**DATA EXTRACT**
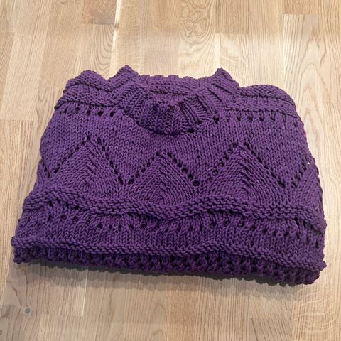 Kjøpte i str xl/xxl, men ble strikket så den skulle passe etter vektnedgang. Men den er dessverre for stor.
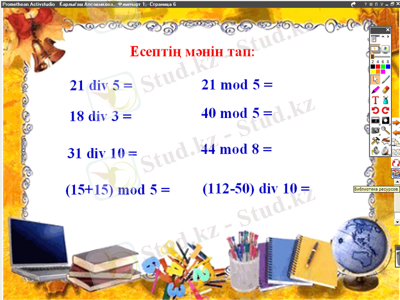 құрылғылар: компьютерлік сынып, интерактивтік тақта, электрондық оқулық
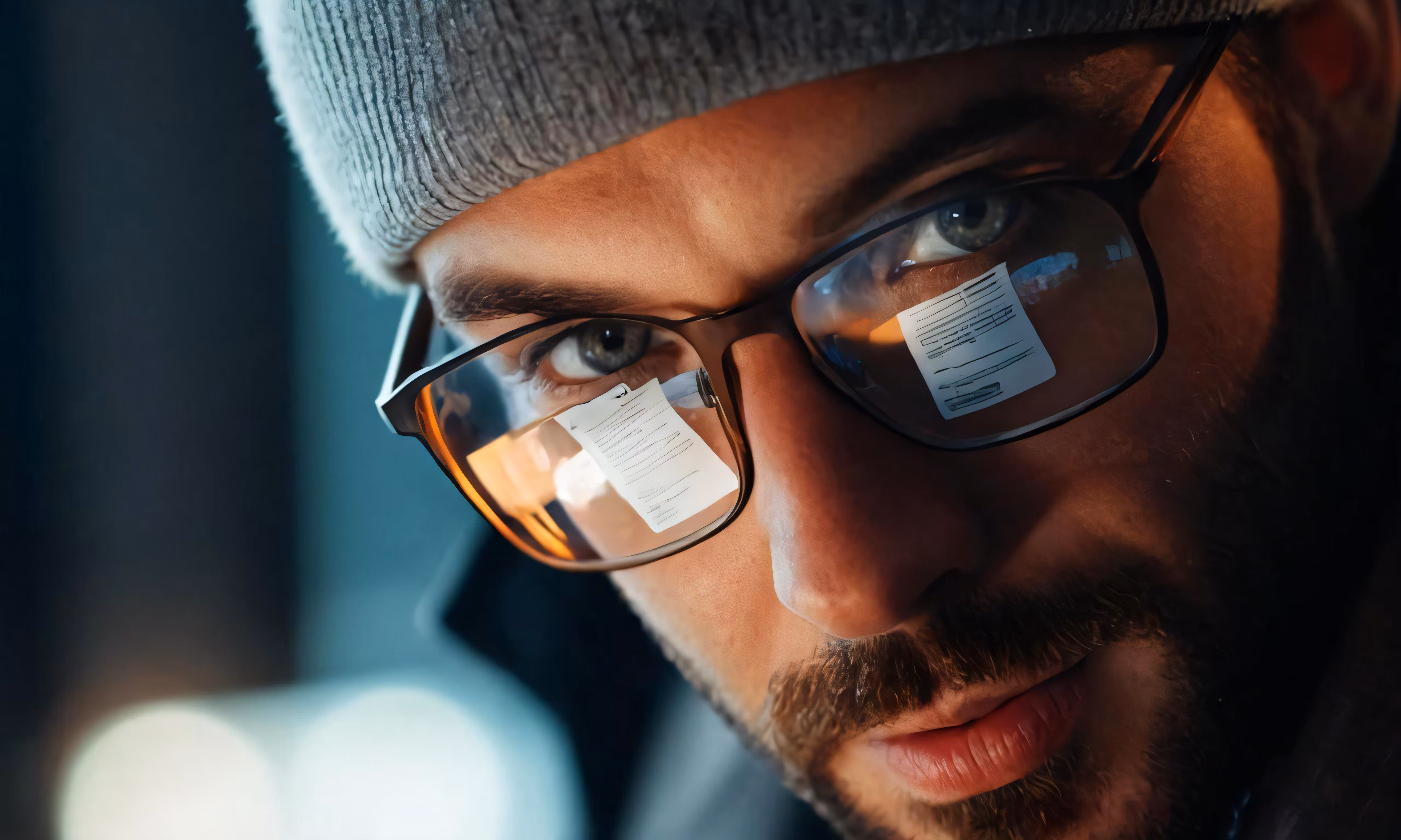 High resolution picture, free to use, the man in glasses has two paper on his forehead
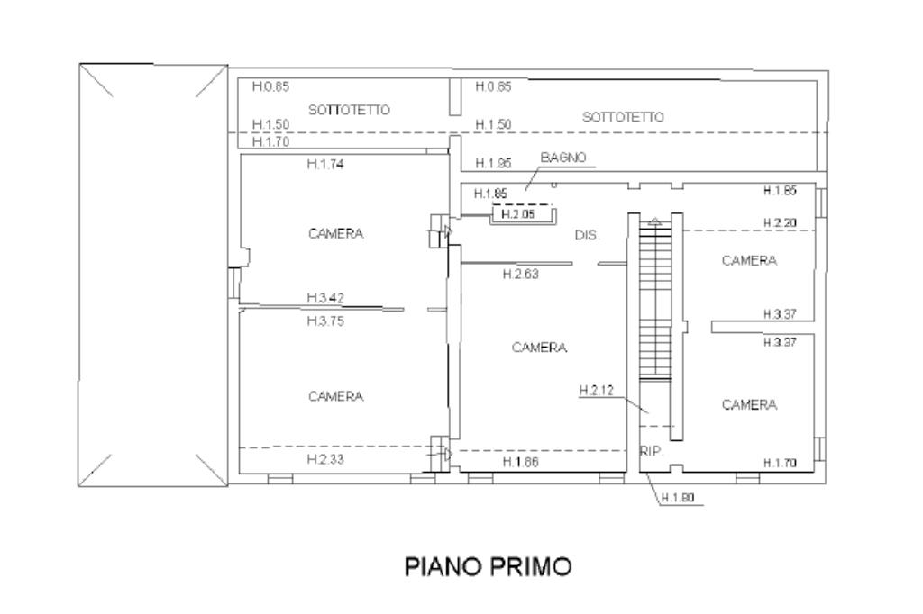 Salendo al primo piano, troviamo tre camere da letto di circa 30 mq ciascuna, un bagno, un disimpegno e altre due camere, con accesso al sottotetto tramite botola, offrendo spazi ampi e personalizzabili secondo le esigenze della famiglia.
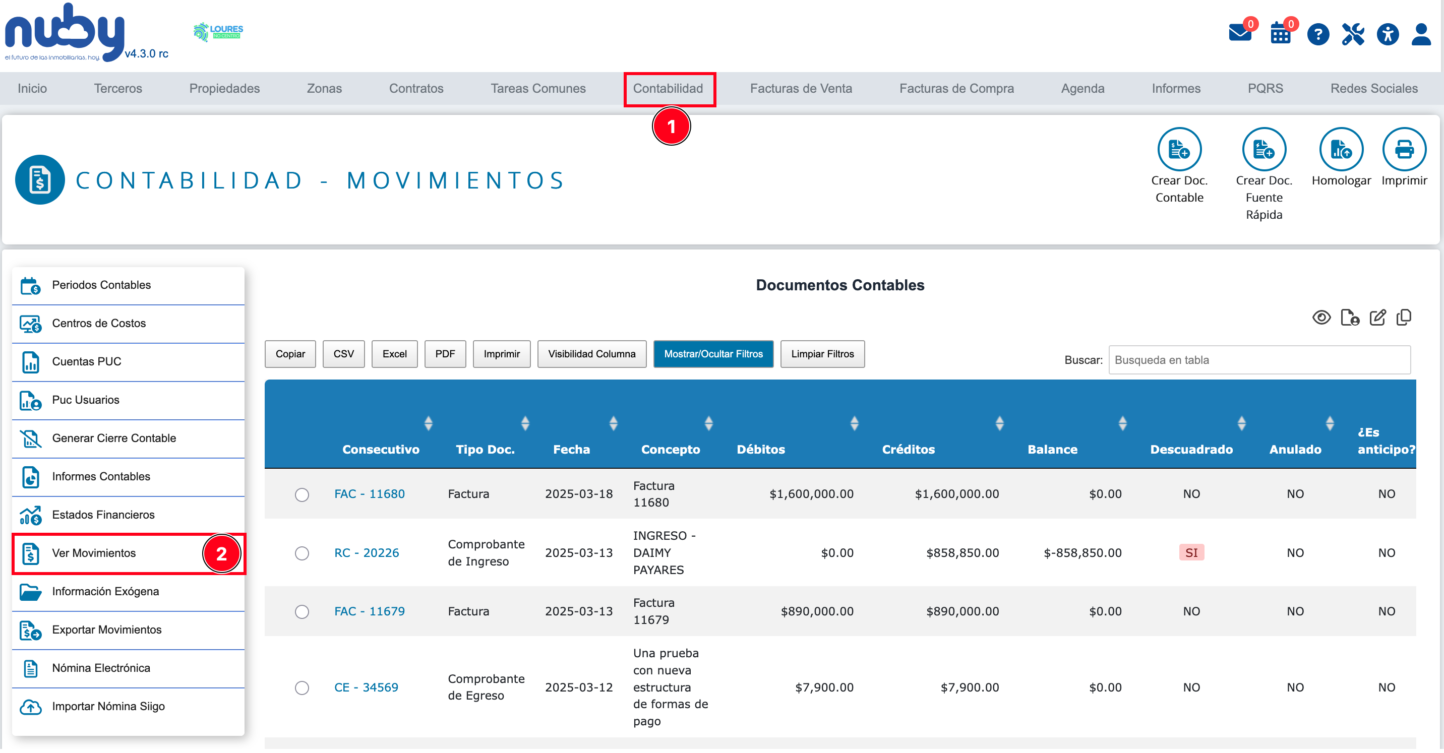 Paso 1: Busque la opción "Contabilidad" del menú horizontal situada en la parte superior y haga clic en ella, luego haga clic en la opción "Ver Movimientos" del submenú al costado izquierdo del módulo de contabilidad.
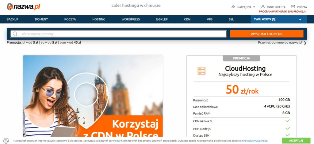 Nazwa.pl to jedna z najpopularniejszych firm w Polsce oferująca usługi hostingowe i rejestrację domen. Każdy kto zakładał własną stronę na pewno spotkał się nazwa.pl. Firma będąc na rynku od 1997r. stała się bardzo rozpoznawalna co ułatwia promowanie produktów nazwa.pl
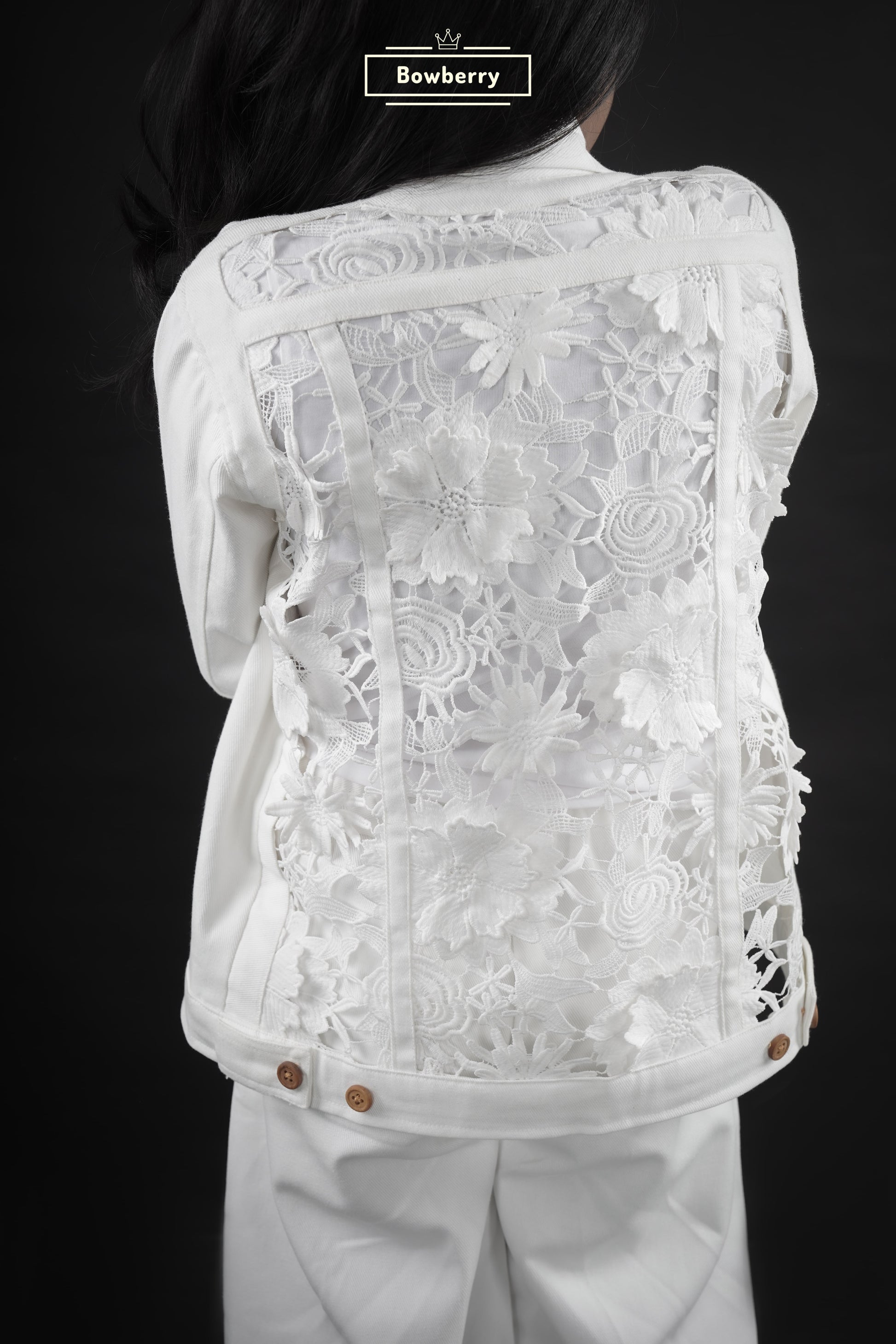 The shirt-style denim jacket doubles as a top, featuring an exquisite embossed cutwork floral back that adds softness to the classic denim look. Paired with our cute loose Korean pants, designed with a comfort-fit elastic at the back, this outfit brings effortless style and easy movement together.
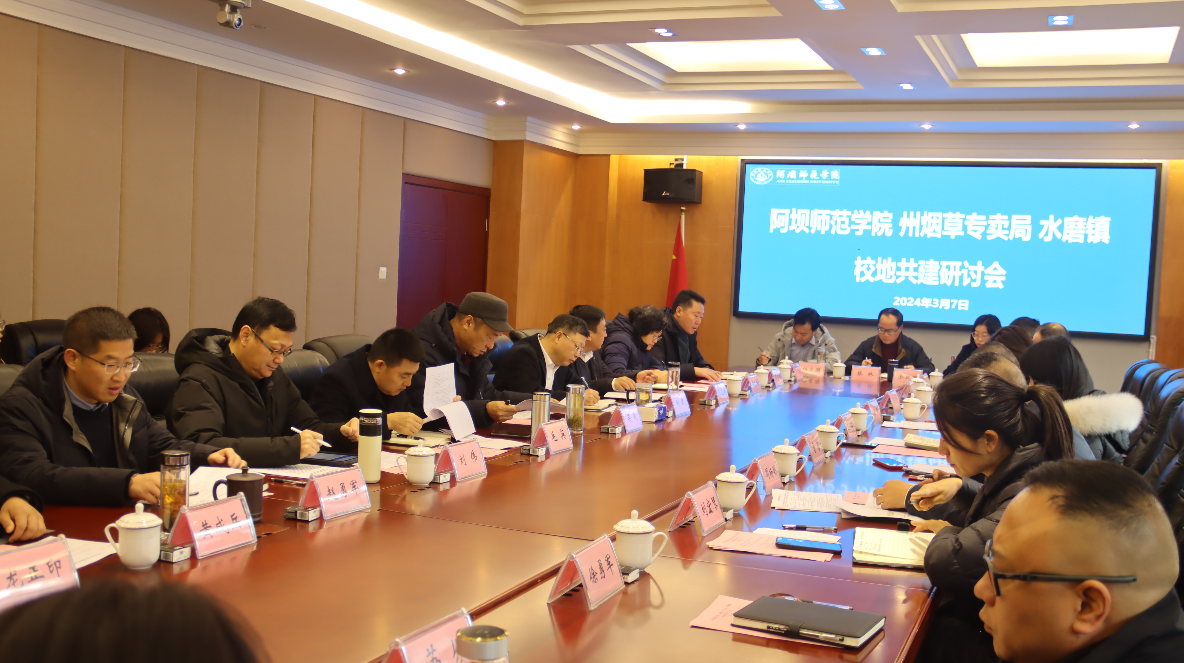 【本网讯】3月7日9:00,我校于行政楼406会议室联合水磨镇政府、州烟草专卖局开展校地共建研讨会,汶川县县委常委、组织部部长、水磨镇第一书记李小全,水磨镇党委书记王君,阿坝州烟草专卖局党建科科长雷蕾,我校党委书记吴昊,党委副书记、校长向武,党委副书记毛英,党委常委、副校长尕让他出席会议。会议由尕让他主持。
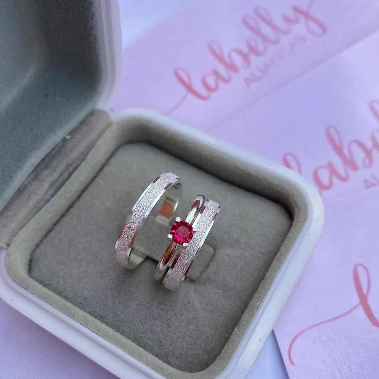 ? Par + anel solitário + caixinha personalizada - R$65
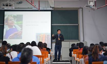 在第二场报告会中,严建兵教授为m88 app师生作了“我如何爱上玉米的?”的分享。严教授分点阐述了他在求学期间的几种对他影响重大的选择,并强调了“选择比努力更重要”的观点,同时还向在场的师生介绍了关于玉米作物的起源和许多在玉米研究方面有建树的专家和学者。
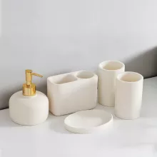 Crafted from high-quality ceramic, each piece in this set is made to be sturdy, durable and easy to clean. The collection includes a lotion or soap dispenser, toothbrush holder, mouthwash cup and soap dish — everything you need to keep essentials neatly in place. With compact sizing that suits countertops of all sizes, the pieces typically measure between 3 to 5 inches in height, making them perfect for everyday use without cluttering your space.
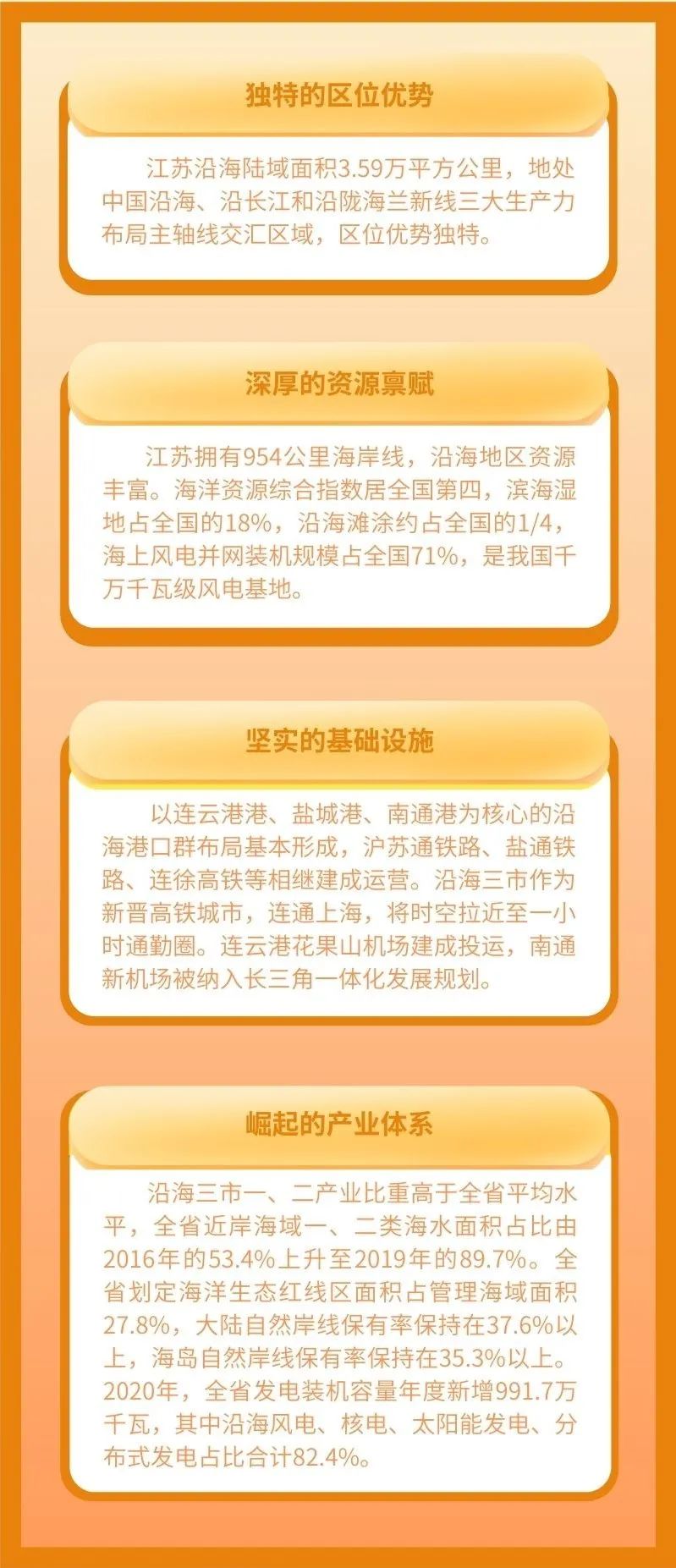 江蘇“十四五”規(guī)劃綱要明確,沿海地區(qū)深化港產(chǎn)城融合發(fā)展,著力提升海洋經(jīng)濟(jì)、生態(tài)經(jīng)濟(jì)和樞紐經(jīng)濟(jì),打造令人向往的生態(tài)風(fēng)光帶、人海和諧的藍(lán)色經(jīng)濟(jì)帶,成為新的增長極。江蘇省第十四次黨代會提出,全力推進(jìn)沿海地區(qū)高質(zhì)量發(fā)展,加快陸海統(tǒng)籌發(fā)展,大力發(fā)展海洋經(jīng)濟(jì),著力塑造“繽紛百里”“生態(tài)百里”“藍(lán)灣百里”濱海特色風(fēng)貌,努力把沿海地區(qū)打造成綠色生態(tài)高質(zhì)量發(fā)展經(jīng)濟(jì)帶。

**WORK TO BE COMPLETED**
Give back, unaltered, each line of the listing from the first to the line that contains "Salendo al primo", leaving every picture out.

**PROBLEM SOLUTION**
 Kjøpte i str xl/xxl, men ble strikket så den skulle passe etter vektnedgang. Men den er dessverre for stor.
 құрылғылар: компьютерлік сынып, интерактивтік тақта, электрондық оқулық
 High resolution picture, free to use, the man in glasses has two paper on his forehead
 Salendo al primo piano, troviamo tre camere da letto di circa 30 mq ciascuna, un bagno, un disimpegno e altre due camere, con accesso al sottotetto tramite botola, offrendo spazi ampi e personalizzabili secondo le esigenze della famiglia.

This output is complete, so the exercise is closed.